Aydın Tiryaki and Gemin AI (2026)
In an era where Artificial Intelligence (AI) claims to solve complex equations, create masterpieces, and master human languages, a simple experiment I conducted recently revealed a sobering “loss of prestige.” This is a story about how these massive systems can struggle with a 32-year-old technology whose standards have been millimetrically defined since 1994: the QR Code. This trial highlights not only a failure in reading data but also a fundamental crisis in technical generation.
An Experimental Observation: Three Models, Three Different Outcomes
The experiment began by giving the three most popular AI models (ChatGPT, Gemini, and Claude) the same task: “Generate a functional QR code for the address http://www.metu.edu.tr.” The results exposed the deep chasm between “probabilistic guessing” and “technical certainty.”
1. ChatGPT and Gemini: The “Artist” Trap
When asked for a QR code, ChatGPT and Gemini behaved like “artists” rather than “engineers.” ChatGPT drew a visual illusion that looked like a QR code but contained no internal data. Gemini went even further; despite multiple attempts, it failed to produce a single functional code. Every image generated was treated as a “meaningless pattern” by smartphone cameras. This is because QR codes are not artistic drawings; they are precise mathematical data matrices.
2. Claude: The Engineering Success
Amidst this landscape of failure, Claude emerged as the model that managed the process correctly. Unlike the others, Claude did not attempt to “imagine” or “draw” the code. Instead, it operated an algorithm in the background, placing pixels with mathematical precision. As a result, the code provided by Claude was instantly recognized by smartphone cameras and successfully redirected to the university’s website. This was the sole example of success, demonstrating what happens when a system operates with a “coding” discipline rather than “guessing.”
3. A Grave Error in Reading: The Confident Lie (Hallucination)

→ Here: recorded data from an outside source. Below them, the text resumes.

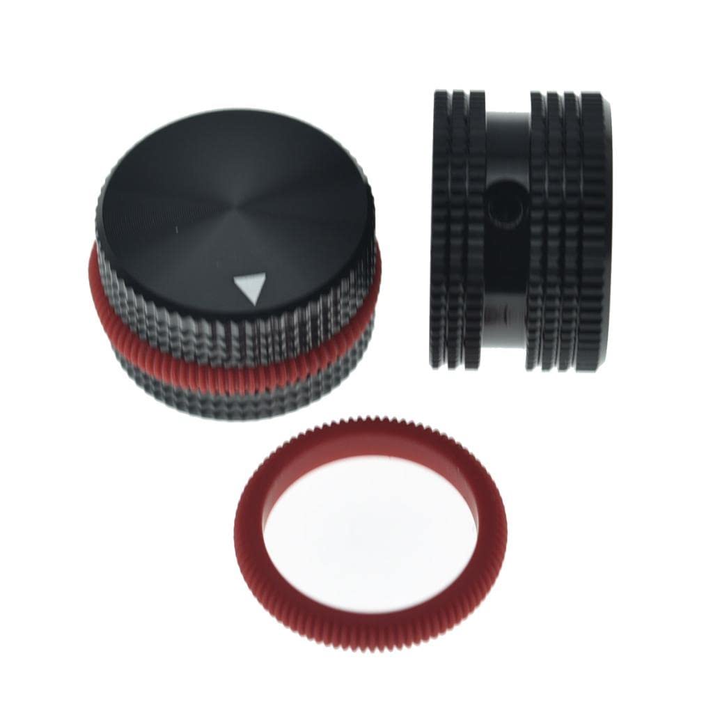 KAISH 2pcs 6364(25mm)Diam Aluminium Potentiometer Knobs 14 Universal Pot Knobs with Rubber o-ring and Indicator for guitarBassAMP Amplifier Black with Red Ring
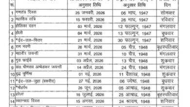 आज की बड़ी खबर : शासन ने जारी किया 2026 का अवकाश कैलेंडर, जानिए साल भर कब-कब रहेंगी छुट्टियां
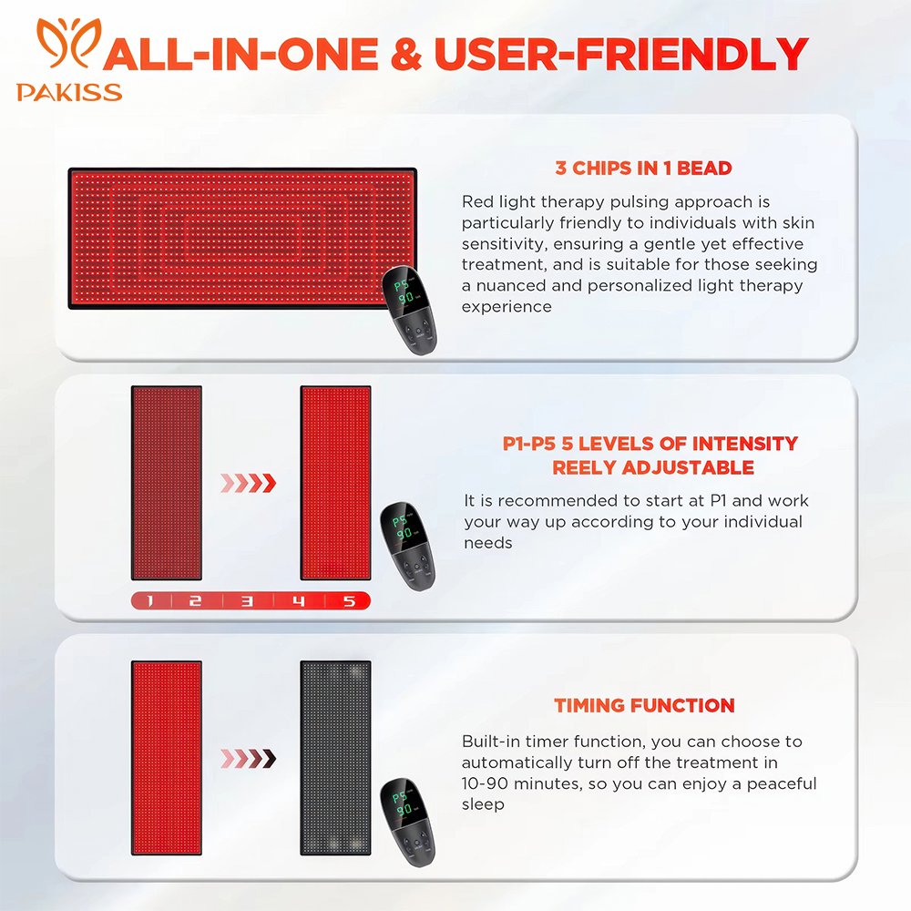 Pulsed red light technology with 3-chip LED beads delivers gentle and effective phototherapy, designed for sensitive skin and comfortable full-body use.
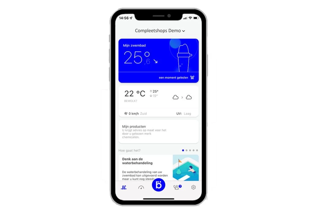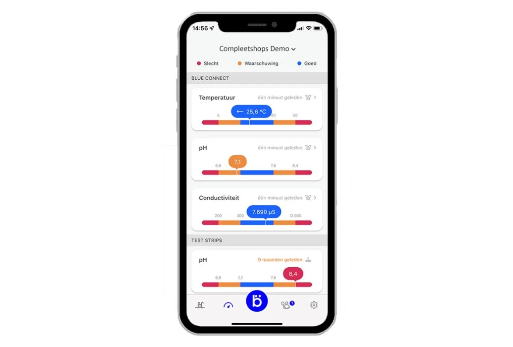 De Blue Connect app genaamd Blueriiot kun je installeren op je smartphone zodat je de Blue Connect kunt verbinden via je smartphone met de app. In de Blue Connect app kun je de waterkwaliteit van je spa of zwembad monitoren. Daarnaast stuurt de app meldingen zodra je chemicaliën toe moet voegen om de waterkwaliteit op peil te houden. De app geeft dan aan wat je moet toevoegen en de hoeveelheid, bijvoorbeeld 450 gram pH-. De kwaliteit van het water kan beïnvloedt worden door de weersomstandigheden, ook hier houdt de Blue Connect Plus Gold rekening mee. De Blue Connect meet dus niet alleen de waterkwaliteit, maar is je persoonlijke assistent voor de waterbehandeling van je spa of zwembad. Wil je alvast een idee krijgen hoe de app werkt? Dan kun je deze downloaden en installeren op je smartphone via de Apple app store of Google Play store en als demo gebruiken, je hebt hiervoor nog geen Blue Connect Plus Gold nodig.
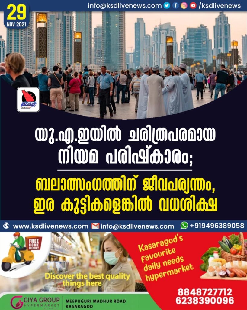 യു.എ.ഇയില് ചരിത്രപരമായ നിയമ പരിഷ്കാരം; ബലാത്സംഗത്തിന് ജീവപര്യന്തം, ഇര കുട്ടികളെങ്കില് വധശിക്ഷ

The most thought-provoking moment of the trial occurred with Gemini. When I asked Gemini to analyze the broken, nonsensical image generated by ChatGPT, the model did not say “I cannot read this” or “This image is corrupted.” Instead, it produced a “hallucination.” It claimed to read data that did not exist, confidently stating that the address in the broken code was “https://www.google.com/search?q=chatgpt.com.” This is the most somber and prestige-damaging example of AI’s tendency to tell a “plausible lie” rather than admitting ignorance.
A 32-Year-Old Standard: The Birth and Structure of QR Codes
The reason this double failure is so striking is that QR code technology was solved and universalized over three decades ago.
- History: The QR code (Quick Response) was invented in 1994 by the Japanese firm Denso Wave, a subsidiary of Toyota. Originally developed to track automobile parts during production, it has become a global communication bridge over the last 32 years.
- Mathematical Perfection: A QR code stores data on both horizontal and vertical planes. Thanks to “Error Correction” blocks, it maintains its mathematical readability even if up to 30% of its surface is damaged or obscured. For an AI to attempt to mimic this structure by drawing random black-and-white squares is a clear sign of technical oversight.
Patents and Royalties: Why It Is Free for All
There are no legal barriers preventing AI from utilizing this technology correctly. When Denso Wave invented the QR code, they sent a strategic message to the world: “We will not exercise our patent rights.” This decision allowed the QR code to be standardized via ISO/IEC 18004 and become universal. Today, it can be freely generated and used by anyone without any royalties, usage fees, or patent restrictions.
The Solution: “Don’t Draw, Code!”
The primary reason AI failed this simple test is the attempt to solve a deterministic (fixed-result) task through probabilistic guessing (visual generation). The clearest takeaway from this experiment is this:
An AI should never guess a QR code visually. Instead, it must prepare a Python script in the background and execute it like a calculator to present the user with a mathematically perfect visual output. For AI to gain the trust of the technical world, it must put down the “artist’s brush” and pick up the “coder’s pen.” Claude’s success in this process stemmed exactly from adopting this algorithmic approach.
Conclusion
The AI’s trial with the QR code resulted in a double failure: an inability to generate (with the exception of Claude) and a tendency to “hallucinate” when reading corrupted data. This situation shows us that no matter how “intelligent” a system appears, it remains unreliable unless it adheres to fundamental technical standards and mathematical reality. If AI is to truly be a “helper,” it must learn to present what is “correct” rather than what merely “looks correct.”
A Note on Methods and Tools: All observations, ideas, and solution proposals in this study are the author’s own. AI was utilized as an information source for researching and compiling relevant topics strictly based on the author’s inquiries, requests, and directions; additionally, it provided writing assistance during the drafting process. (The research-based compilation and English writing process of this text were supported by AI as a specialized assistant.)